Additionally, move the current SQLite driver prototype to a temporary class WP_SQLite_Driver_Prototype to be gradually moved to the new driver.

wp-includes/sqlite-ast/class-wp-sqlite-driver.php

JanJakes · 2024-11-22T15:14:47Z

tests/parser/WP_Parser_Node_Tests.php

+		$this->assertSame( null, $root->get_descendant_token( 123 ) );
+
+		// Test multiple descendant methods.
+		// @TODO: Consider breadth-first search vs depth-first search.


@adamziel I initially kept the logic from the first prototype (which was traversing descendants breadth-first), and added this note to look into it later, but now it seems to me it may be more useful and natural to do a dept-first search (which would return tokens in the order from the original query).

I'm still not 100% sure which one we need more — usually, I just want to know "is there this node or that token somewhere in this subtree", and in that case, both searches work. But sometimes it may be useful to check for a next token or more, for instance, and then get_descendant_tokens() would be more natural with a depth-first traversal. If really needed, we could also provide both. What do you think?

JanJakes · 2024-11-22T15:42:38Z

@adamziel Another thought regarding WP_Parser_Node: We now provide child and descendant methods. Should we also provide parent methods? It can be useful, but I think it has a major flaw. I'll explain:

Sometimes, it could be useful in the driver, if we want to translate some constructs in a way "if I'm in the context of createTable, do this, otherwise do that". This is a simple way to express some specific nuances, but it's not the only way — we could also handle it from the top within the createTable node instead, constructing the statement a bit more top-down (but it can be more verbose at times).

That said, I think there's a problem — adding parent references to WP_Parser_Node would probably cause memory leaks. PHP GC uses reference counting, which means that it only frees the memory occupied by an object when there are no more references to it, and that circular parent-child references would never allow for garbage collection. Weak refs were only introduced in PHP 7.4, so I guess currently, it doesn't make sense to do this. It also complicates the tree a bit and makes subtrees not "independent". There is the alternative of saving some context (node stack) in the driver during the translation, for instance.

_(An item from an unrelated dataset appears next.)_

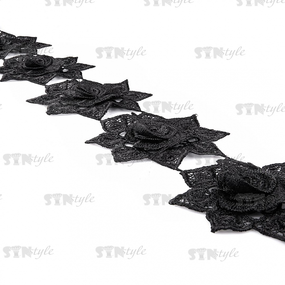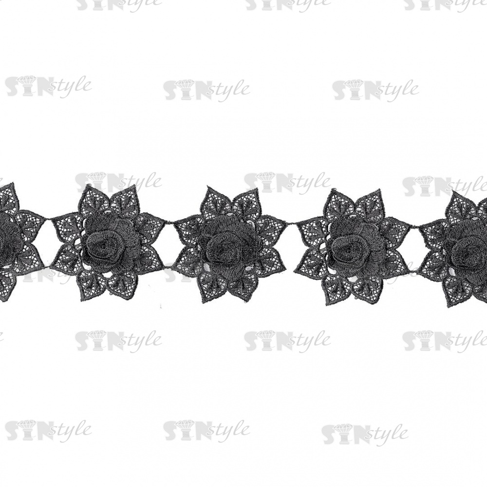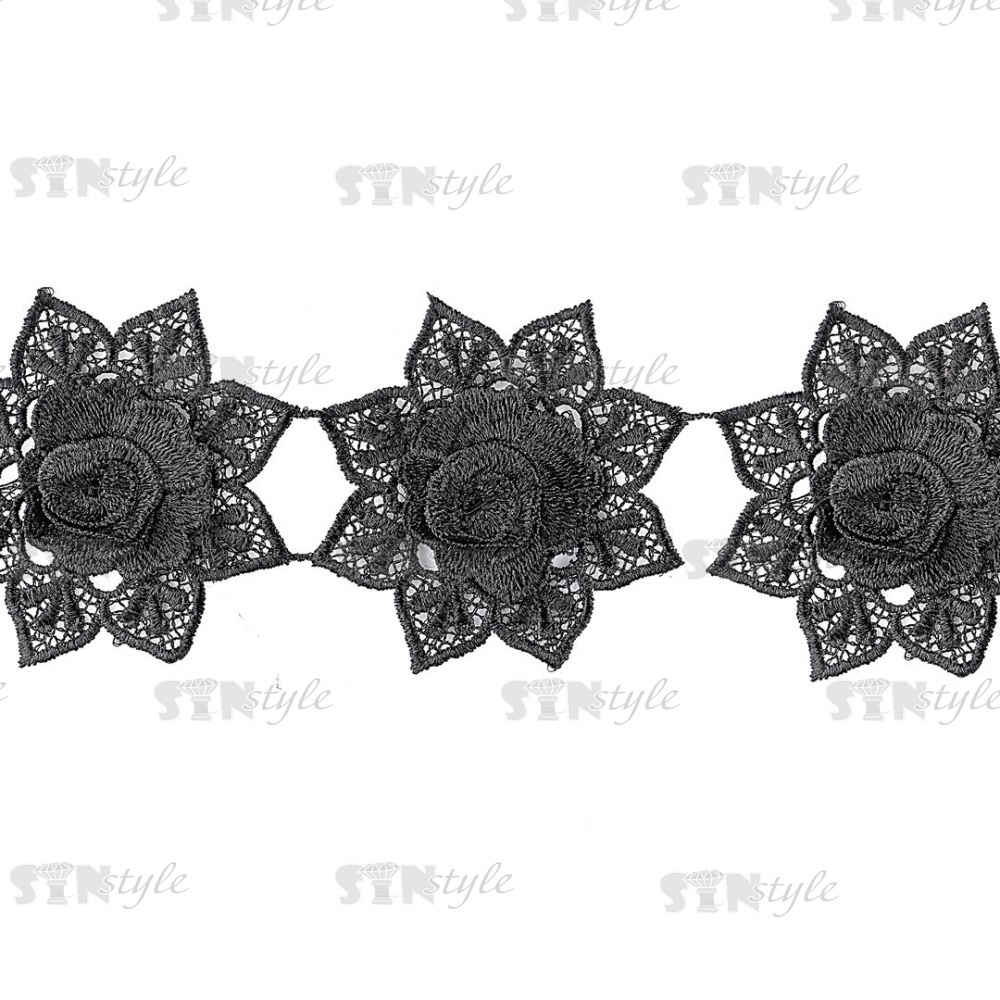 Кружево "Цветочное", гирлянда из объемных бутонов роз на нежной кружевной основе, ширина 100 мм, цвет черный, намотка 15 ярдов
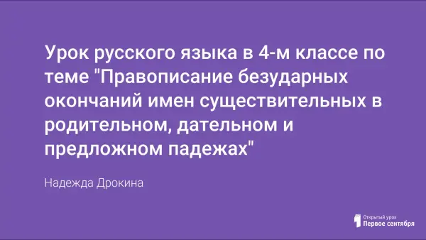 На уроке закрепляются знания о существенных признаках, по которым распознаются родительный, дательный и предложный падежи, формируются общие приёмы умственных действий при написании безударных падежных окончаний имён существительных. Урок воспитывает потребность в здоровом образе жизни.

adamziel · 2024-11-23T09:34:39Z

@JanJakes what would be a specific code example where a parent reference would help? I get "do this, do that," but what's "this" and "that"?

adamziel · 2024-11-23T09:50:44Z

Also the HTML and the XML API solve the same problem with the get_ breadcrumbs a method that gives you a stack of parent elements names. Maybe the same would use here for AST notes?

JanJakes · 2024-11-23T14:53:08Z

@JanJakes what would be a specific code example where a parent reference would help? I get "do this, do that," but what's "this" and "that"?

@adamziel For now, I've run into the INTEGER PRIMARY KEY "without" vs "with" autoincrement — in the former case, I'd like to translate it as INT PRIMARY KEY while in the latter one as INTEGER PRIMARY KEY due to the "bug" that's preserved in SQLite for back compatibility. In the AST, it would look something like this:

createStatement
   |- createTable
     |- tableElementList
       |- tableElement          <-- Here I can reliably determine PRIMARY KEY
       |  |- columnDefinition
       |    |- fieldDefinition  <-- Here I can reliably determine AUTOINCREMENT
       |     |- dataType        <-- Here I want to know about PRIMARY KEY and AUTOINCREMENT
       |     |- columnAttribute <-- Here PRIMARY KEY and AUTOINCREMENT can be specified
       |     ...
       |- tableElement
         |- tableConstraintDef  <-- But PRIMARY KEY can also be specified here (AUTOINCREMENT not)

Without the tableConstraintDef option for primary keys, it would be simple-enough to handle this case in fieldDefinition in a top-down manner. Something like:

case 'fieldDefinition':
	$has_primary_key   = ...;
	$has_autoincrement = ...;
	if ( $has_primary_key ) {
		$children       = $ast->get_children();
		$data_type_node = array_shift( $children );
		$data_type      = $this->translate( $data_type_node );
		if ( 'INTEGER' === $data_type ) {
			$data_type = $has_autoincrement ? 'INTEGER' : 'INT';
		}
		return $data_type . $this->translate_sequence( $children );
	}
	return $this->translate_sequence( $ast->get_children() );

Here, the $has_primary_key can peek below for descendant token, but it has no way to verify the tableConstraintDef, that would be in a different tableElement. I would either need a reference to the parent tableElement to use it to search for a primary key, or I would need to save it somehow ($this->set_context('primary_key', ...)) and then read it below.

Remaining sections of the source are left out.